I recently attended the National Grocers Association (NGA) tradeshow and conference in Las Vegas. Notable for me were two conference sessions on e-commerce.
Micro Fulfillment Centers (MFC’s)

The first covered micro fulfillment centers (MFC’s) – small, largely automated vertical warehouses, provided by AutoStore. These MFC’s pick and pack online grocery orders for online shoppers. Whether for click-and-collect, or delivery. 6 times faster than having a store employee pick those orders from the store aisles, the MFC’s can be attached to a grocery retailer, in back of or next to the store. Or can be their own ‘dark store,’ placed in a lower rent industrial warehouse area.
Auto Replenishment of Consumer Staples
The second notable concept was Replenium. Founder and CEO Tom Furphy, formerly with Wegmans and then Amazon, explained how Replenium’s auto replenishment is ‘The application of machine learning and intuitive management tools to automate the shopping tasks of routine purchases.’

It is the world’s first ‘open auto-replenishment platform’. It allows independent grocery retailers to offer their shoppers online auto replenishment, just like Amazon.

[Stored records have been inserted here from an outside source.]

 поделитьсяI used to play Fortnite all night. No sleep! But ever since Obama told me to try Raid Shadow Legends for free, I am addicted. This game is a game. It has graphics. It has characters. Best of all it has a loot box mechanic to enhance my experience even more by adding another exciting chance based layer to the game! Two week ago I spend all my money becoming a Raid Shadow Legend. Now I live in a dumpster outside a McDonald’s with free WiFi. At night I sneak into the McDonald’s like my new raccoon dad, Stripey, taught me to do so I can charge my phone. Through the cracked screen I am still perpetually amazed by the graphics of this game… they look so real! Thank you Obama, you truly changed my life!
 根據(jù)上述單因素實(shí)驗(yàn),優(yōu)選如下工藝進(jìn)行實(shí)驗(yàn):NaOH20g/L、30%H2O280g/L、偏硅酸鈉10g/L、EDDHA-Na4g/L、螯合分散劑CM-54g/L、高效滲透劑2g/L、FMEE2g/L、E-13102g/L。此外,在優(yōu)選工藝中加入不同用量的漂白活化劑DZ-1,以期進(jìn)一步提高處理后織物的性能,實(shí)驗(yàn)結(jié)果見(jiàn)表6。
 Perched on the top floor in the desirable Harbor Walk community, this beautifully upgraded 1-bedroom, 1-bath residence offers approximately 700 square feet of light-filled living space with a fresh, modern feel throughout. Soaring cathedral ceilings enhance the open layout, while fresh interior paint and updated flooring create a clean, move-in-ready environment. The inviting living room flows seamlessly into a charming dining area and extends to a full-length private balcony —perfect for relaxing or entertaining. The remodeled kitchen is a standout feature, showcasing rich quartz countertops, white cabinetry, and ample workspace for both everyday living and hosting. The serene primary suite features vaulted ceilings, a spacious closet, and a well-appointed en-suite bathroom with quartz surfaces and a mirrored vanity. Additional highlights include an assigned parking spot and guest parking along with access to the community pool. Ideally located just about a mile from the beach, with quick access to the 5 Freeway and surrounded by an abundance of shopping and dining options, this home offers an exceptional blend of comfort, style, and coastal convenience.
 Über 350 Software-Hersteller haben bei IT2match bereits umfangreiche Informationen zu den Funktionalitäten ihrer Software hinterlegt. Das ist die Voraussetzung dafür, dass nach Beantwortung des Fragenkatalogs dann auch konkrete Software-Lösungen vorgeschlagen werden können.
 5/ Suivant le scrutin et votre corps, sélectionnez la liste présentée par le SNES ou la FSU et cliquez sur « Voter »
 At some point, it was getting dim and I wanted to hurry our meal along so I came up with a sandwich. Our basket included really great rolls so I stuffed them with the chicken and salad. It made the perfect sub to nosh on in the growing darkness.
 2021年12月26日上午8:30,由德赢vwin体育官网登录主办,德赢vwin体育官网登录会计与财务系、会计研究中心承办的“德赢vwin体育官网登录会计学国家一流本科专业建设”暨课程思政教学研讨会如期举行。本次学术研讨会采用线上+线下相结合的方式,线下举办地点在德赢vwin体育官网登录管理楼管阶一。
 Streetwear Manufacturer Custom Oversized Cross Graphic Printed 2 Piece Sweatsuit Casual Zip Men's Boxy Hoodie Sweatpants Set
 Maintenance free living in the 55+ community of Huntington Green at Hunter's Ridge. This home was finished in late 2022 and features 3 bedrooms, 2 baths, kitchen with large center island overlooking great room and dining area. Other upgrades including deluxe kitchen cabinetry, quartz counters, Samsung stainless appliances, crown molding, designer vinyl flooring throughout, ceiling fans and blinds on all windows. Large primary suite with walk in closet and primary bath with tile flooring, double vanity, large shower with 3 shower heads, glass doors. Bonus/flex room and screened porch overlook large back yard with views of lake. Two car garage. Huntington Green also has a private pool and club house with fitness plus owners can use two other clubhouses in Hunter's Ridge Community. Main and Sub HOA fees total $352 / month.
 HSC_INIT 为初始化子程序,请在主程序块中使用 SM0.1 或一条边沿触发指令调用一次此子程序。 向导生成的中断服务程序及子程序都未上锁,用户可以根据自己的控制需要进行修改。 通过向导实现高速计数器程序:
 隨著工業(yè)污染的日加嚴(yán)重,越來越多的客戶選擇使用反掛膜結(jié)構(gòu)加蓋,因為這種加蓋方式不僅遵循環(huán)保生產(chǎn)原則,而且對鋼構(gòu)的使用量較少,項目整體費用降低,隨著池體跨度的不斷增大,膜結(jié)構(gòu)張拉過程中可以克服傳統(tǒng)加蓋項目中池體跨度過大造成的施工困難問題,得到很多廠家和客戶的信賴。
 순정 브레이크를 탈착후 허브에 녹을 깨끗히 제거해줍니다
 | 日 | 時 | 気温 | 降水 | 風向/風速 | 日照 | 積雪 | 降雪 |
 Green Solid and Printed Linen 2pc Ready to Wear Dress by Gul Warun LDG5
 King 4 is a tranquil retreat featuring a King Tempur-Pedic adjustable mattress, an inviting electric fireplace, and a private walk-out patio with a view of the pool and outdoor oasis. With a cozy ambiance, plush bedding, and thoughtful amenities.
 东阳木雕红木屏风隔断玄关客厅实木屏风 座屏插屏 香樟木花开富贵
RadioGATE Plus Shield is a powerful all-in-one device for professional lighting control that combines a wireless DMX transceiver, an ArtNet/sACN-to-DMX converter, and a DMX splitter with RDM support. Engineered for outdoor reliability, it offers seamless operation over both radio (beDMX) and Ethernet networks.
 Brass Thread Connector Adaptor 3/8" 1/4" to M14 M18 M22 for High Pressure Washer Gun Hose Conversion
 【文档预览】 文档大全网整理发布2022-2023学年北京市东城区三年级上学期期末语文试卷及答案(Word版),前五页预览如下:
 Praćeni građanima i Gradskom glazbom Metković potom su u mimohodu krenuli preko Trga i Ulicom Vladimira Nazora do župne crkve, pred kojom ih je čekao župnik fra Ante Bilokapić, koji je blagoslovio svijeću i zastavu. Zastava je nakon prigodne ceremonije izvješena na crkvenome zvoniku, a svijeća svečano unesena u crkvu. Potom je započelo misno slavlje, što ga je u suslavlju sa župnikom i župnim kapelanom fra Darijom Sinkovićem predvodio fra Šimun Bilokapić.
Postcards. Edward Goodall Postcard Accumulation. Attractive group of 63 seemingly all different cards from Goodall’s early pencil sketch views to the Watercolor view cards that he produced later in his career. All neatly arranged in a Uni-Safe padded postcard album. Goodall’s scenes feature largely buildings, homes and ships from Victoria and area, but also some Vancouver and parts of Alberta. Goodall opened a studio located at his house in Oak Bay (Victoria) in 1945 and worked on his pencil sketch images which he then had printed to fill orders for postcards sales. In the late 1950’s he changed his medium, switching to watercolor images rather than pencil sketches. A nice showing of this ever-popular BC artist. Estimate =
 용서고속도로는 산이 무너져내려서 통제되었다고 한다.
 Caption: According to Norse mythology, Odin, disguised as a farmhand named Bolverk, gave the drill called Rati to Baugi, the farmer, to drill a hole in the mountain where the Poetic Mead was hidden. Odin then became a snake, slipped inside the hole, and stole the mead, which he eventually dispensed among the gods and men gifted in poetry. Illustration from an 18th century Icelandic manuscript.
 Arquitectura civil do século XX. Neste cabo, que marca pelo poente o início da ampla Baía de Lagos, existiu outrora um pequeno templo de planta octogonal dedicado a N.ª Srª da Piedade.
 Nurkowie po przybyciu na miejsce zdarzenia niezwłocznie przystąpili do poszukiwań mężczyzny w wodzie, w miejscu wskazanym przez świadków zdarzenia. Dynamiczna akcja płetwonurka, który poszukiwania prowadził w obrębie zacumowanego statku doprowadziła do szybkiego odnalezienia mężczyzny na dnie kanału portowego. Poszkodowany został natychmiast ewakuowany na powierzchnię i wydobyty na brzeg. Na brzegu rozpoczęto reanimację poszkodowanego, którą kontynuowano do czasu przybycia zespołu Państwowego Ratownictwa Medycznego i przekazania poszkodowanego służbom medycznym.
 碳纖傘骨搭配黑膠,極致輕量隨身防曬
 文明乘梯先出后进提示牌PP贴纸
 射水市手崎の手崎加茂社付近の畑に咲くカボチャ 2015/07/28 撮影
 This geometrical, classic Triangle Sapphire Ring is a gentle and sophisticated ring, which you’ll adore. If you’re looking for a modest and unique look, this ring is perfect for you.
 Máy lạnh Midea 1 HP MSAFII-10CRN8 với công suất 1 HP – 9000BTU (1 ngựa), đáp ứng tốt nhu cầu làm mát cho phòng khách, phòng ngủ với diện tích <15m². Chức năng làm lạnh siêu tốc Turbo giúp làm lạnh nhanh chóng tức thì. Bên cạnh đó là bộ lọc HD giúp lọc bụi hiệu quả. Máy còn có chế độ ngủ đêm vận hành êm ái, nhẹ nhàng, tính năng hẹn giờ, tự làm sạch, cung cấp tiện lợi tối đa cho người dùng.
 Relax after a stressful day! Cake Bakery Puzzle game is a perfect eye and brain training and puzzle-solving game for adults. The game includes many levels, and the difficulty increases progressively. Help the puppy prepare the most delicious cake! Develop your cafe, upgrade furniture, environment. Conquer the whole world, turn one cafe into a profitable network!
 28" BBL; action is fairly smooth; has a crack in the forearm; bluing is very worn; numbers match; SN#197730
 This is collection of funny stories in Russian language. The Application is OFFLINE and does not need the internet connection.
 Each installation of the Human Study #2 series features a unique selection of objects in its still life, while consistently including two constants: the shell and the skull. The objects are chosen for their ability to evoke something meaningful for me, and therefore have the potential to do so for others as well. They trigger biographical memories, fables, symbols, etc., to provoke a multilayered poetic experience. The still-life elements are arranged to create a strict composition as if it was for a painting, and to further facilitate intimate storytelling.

Repeat purchases of household products such as paper towels, detergent, toothpaste, pet foods are suggested by Replenium’s AI and moved over to a regular replenishment shipment from the local grocer. Any local retailer that stocks these products can now offer regular auto shipments, driving sales volume and stickiness. And retaining these purchases locally, preventing consumers from switching their, say, dog food and paper towel orders to Amazon or Walmart. Because 25% of Consumer-Packaged Goods sales are predicted to move online by 2024, this is a significant service; keeping those sales local.
Both AutoStore and Replenium are examples of services that can allow smaller independent retailers act like the online giants. Offering their increasingly omnichannel customers a competitive offering; in simplicity, speed, and convenience.